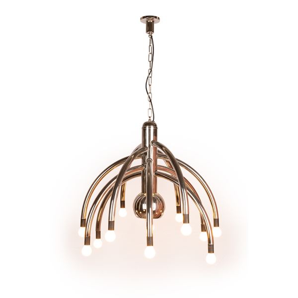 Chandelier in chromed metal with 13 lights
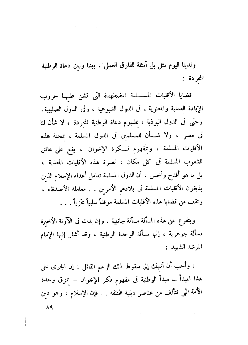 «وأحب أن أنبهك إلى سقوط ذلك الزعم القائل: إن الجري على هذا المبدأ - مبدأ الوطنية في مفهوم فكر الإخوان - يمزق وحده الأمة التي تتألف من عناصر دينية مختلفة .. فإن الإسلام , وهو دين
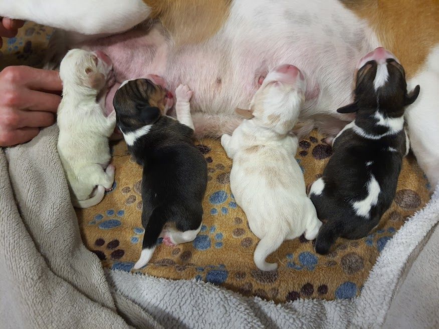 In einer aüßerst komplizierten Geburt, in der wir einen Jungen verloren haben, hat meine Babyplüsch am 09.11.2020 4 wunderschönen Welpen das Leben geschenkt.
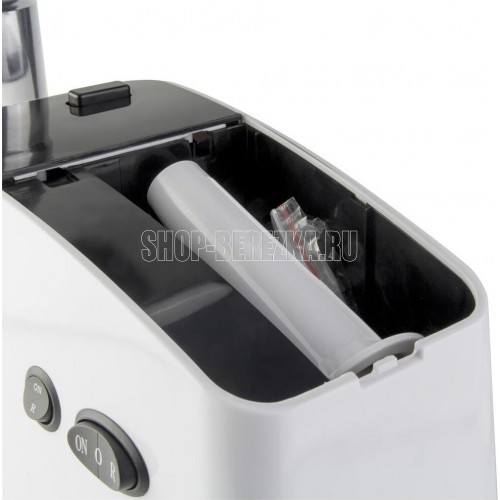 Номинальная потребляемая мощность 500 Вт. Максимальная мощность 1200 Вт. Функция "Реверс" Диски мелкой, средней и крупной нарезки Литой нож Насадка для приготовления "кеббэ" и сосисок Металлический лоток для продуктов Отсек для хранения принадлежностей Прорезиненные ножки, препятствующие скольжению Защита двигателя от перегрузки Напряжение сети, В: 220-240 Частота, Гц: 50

::::::::::

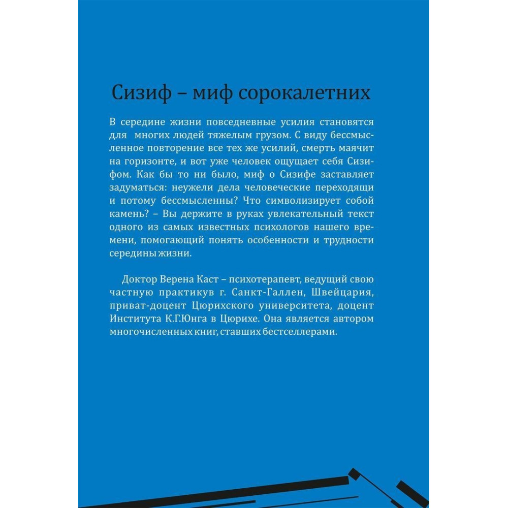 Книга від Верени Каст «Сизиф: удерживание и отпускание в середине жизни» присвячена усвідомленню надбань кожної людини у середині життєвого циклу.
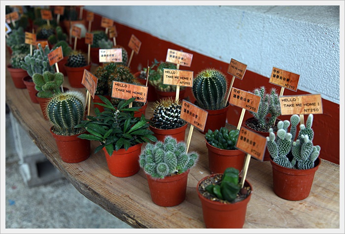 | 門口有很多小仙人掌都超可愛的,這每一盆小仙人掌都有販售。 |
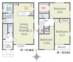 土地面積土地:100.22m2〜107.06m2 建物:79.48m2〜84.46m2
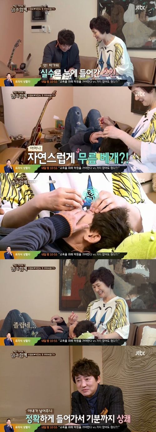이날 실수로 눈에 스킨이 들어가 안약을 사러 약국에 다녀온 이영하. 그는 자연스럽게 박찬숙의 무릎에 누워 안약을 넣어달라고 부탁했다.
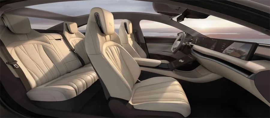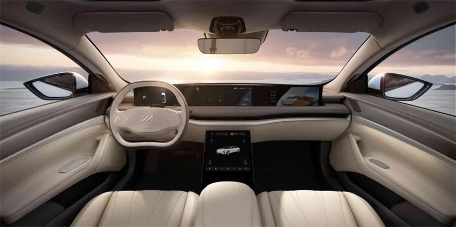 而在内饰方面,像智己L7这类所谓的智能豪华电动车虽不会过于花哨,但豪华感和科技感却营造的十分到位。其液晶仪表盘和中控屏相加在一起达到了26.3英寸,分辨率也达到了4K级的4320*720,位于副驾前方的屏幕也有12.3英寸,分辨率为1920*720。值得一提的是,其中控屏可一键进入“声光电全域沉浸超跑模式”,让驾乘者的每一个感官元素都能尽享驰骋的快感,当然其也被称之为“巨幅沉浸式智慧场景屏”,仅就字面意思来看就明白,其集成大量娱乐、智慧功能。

::::::::::

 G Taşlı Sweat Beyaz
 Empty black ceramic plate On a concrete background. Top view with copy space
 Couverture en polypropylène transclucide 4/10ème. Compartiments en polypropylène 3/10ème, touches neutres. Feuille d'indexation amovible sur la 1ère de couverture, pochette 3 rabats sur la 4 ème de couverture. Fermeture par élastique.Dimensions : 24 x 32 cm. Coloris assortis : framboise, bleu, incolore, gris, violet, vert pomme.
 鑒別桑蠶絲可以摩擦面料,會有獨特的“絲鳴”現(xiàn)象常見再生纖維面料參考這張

::::::::::

# [Brief]
Go back to the listing above and write out the lines starting at the one with "Chandelier in chromed metal with 13 lights" and ending at the one with "Номинальная потребляемая мощность", inclusive, exactly and without pictures.

# [Exercise output]
 Chandelier in chromed metal with 13 lights
 «وأحب أن أنبهك إلى سقوط ذلك الزعم القائل: إن الجري على هذا المبدأ - مبدأ الوطنية في مفهوم فكر الإخوان - يمزق وحده الأمة التي تتألف من عناصر دينية مختلفة .. فإن الإسلام , وهو دين
 In einer aüßerst komplizierten Geburt, in der wir einen Jungen verloren haben, hat meine Babyplüsch am 09.11.2020 4 wunderschönen Welpen das Leben geschenkt.
 Номинальная потребляемая мощность 500 Вт. Максимальная мощность 1200 Вт. Функция "Реверс" Диски мелкой, средней и крупной нарезки Литой нож Насадка для приготовления "кеббэ" и сосисок Металлический лоток для продуктов Отсек для хранения принадлежностей Прорезиненные ножки, препятствующие скольжению Защита двигателя от перегрузки Напряжение сети, В: 220-240 Частота, Гц: 50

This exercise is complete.